[09:59:28] <elukey>	 XioNoX: o/ anything happening in eqsin? I just seen varnishkafkas on cp50xx hosts getting into trouble temporarily
[09:59:40] <elukey>	 (while pushing data to kafka in eqiad)
[09:59:41] <elukey>	 https://grafana.wikimedia.org/d/000000253/varnishkafka?orgId=1&var-datasource=eqsin%20prometheus%2Fops&var-source=webrequest&var-cp_cluster=All&var-instance=All&from=now-3h&to=now
[10:00:07] <elukey>	 the most affected one is a single node, going to restart vk in there
[10:00:15] <elukey>	 but there was a jump on all metrics
[10:01:46] <ema>	 elukey: purged on cp5001 also had a temporary drop in kafka bytes sent https://grafana.wikimedia.org/d/RvscY1CZk/purged?viewPanel=38&orgId=1&var-datasource=eqsin%20prometheus%2Fops&var-cluster=cache_upload&var-instance=cp5001&from=now-6h&to=now
[10:03:10] <ema>	 at 09:42, which aligns with the varnishkafka troubles you mentioned
[10:03:56] <elukey>	 on cr3-eqsin I see a nice jump in traffic https://librenms.wikimedia.org/graphs/lazy_w=804/to=1610100000/device=159/type=device_bits/from=1610013600/legend=no/
[10:05:20] <elukey>	 anyway, restarted vk on 5001, librdkafka was kinda stuck
[10:07:07] <ema>	 elukey: purged seems to have recovered well on its own, no restart needed
[10:17:39] <_joe_>	 no maintenance expected right now
[10:17:57] <_joe_>	 ema: purged >> vk
[14:28:25] <klausman>	 So say due to a BIOS flub, a machine got reimaged twice, and now the puppet cert and SSH host keys are wrong. How does one wipe the relevant state to make the first puppet run work again?

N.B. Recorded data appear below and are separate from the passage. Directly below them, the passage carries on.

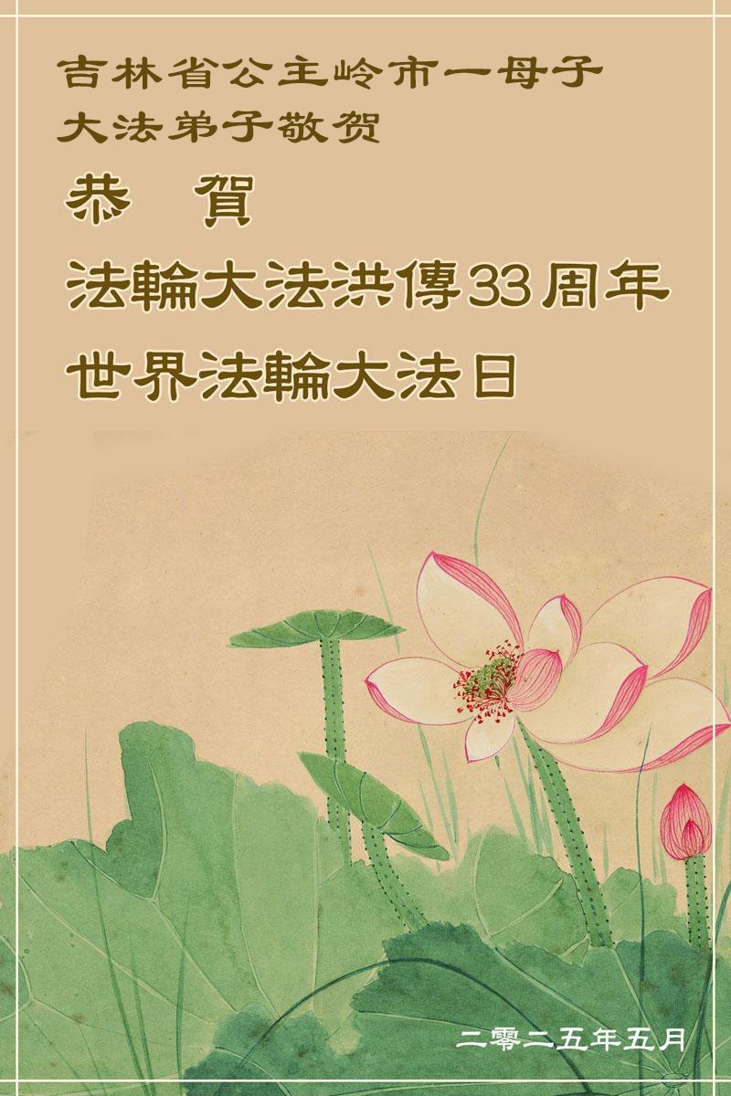 吉林省公主嶺市母子大法弟子敬上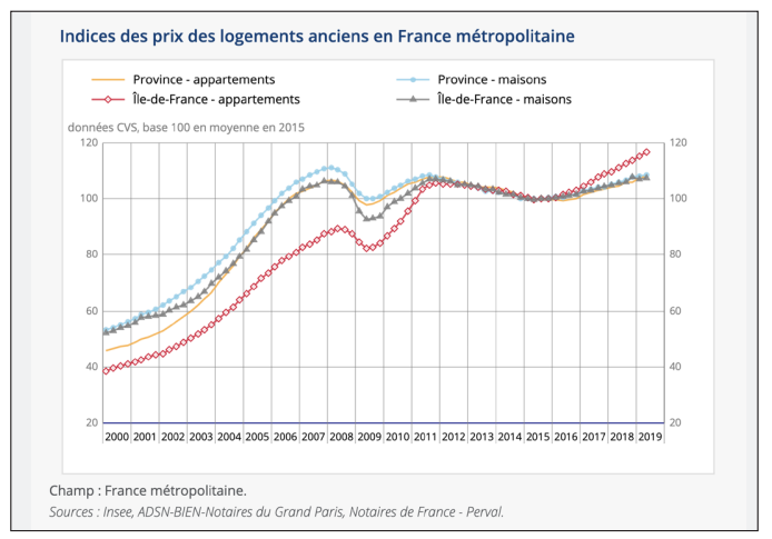 Outre ces éléments conjoncturels, le marché reste soutenu par des éléments structurels : le manque d’attractivité relative des autres placements financiers, le pouvoir d’achat relativement dynamique des ménages (en particulier en 2019) ainsi que la baisse du taux de chômage ces dernières années, une démographie favorable (progression du nombre de ménages), un modèle français de crédit à l’habitat assez prudent (taux fixes, faible taux de créances douteuses, …) ou encore le fait que l’immobilier soit considéré comme un placement peu risqué dans un contexte général d’aversion au risque.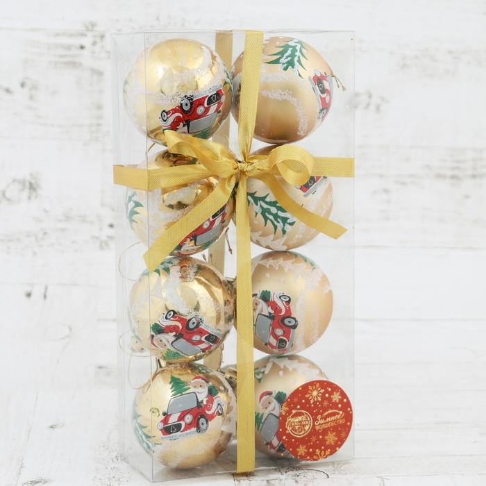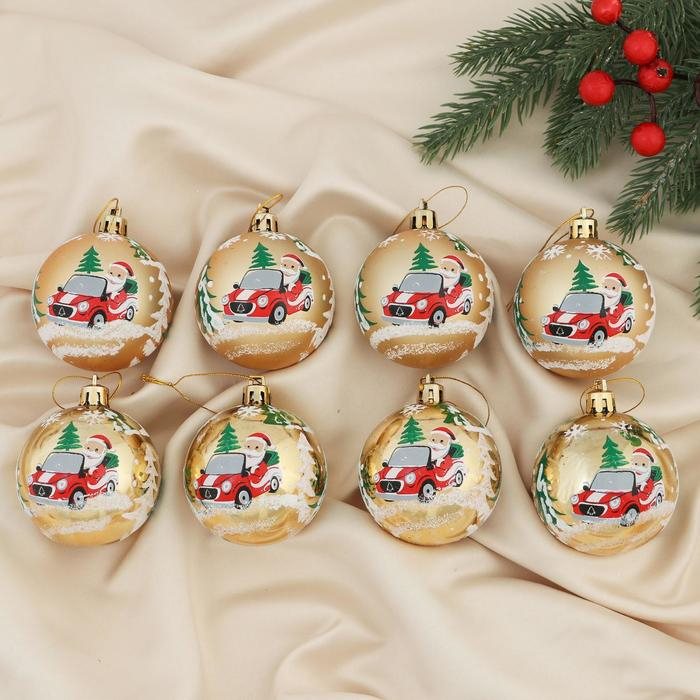 Набор шаров пластик d-6 см, 8 шт "Дед Мороз на автомобиле" золото

[14:38:43] <kormat>	 ^ this might be resolved now
[14:41:05] <klausman>	 Yep. Figured out the "remove certs on client, make new ones and sign them" sequence
[15:22:53] <_joe_>	 klausman: yeah that horrible :D
[15:33:29] <volans|off>	 klausman: what chain of events lead to that happening? the reimage nukes the old cert before reimaging
[15:34:54] <volans|off>	 we also have an sre.puppet.renew-cert cookbook but I think it doesn't support (yet?) a not-yet-installed host (doesn't have yet the cumin key should use the install key)
[15:38:22] <volans|off>	 btw there are 3 unsigned CSRs on puppetmaster1001 (10.3.0.1, d-i-test, webproxy)
[15:39:00] <volans|off>	 maybe we should add an icinga check for unsigned CSRs older than X
[15:39:19] * volans|off back being off, will read any eventual reply later
[15:57:23] <klausman>	 volans, the problem was that after being installed and everything, the machine rebooted, but PXE booted again and then got stuck.
[15:57:39] <klausman>	 It didn't help that the SSH host keys were also wrong by that time.
[16:15:28] <elukey>	 andrewbogott: o/
[16:16:07] <andrewbogott>	 elukey: what's up?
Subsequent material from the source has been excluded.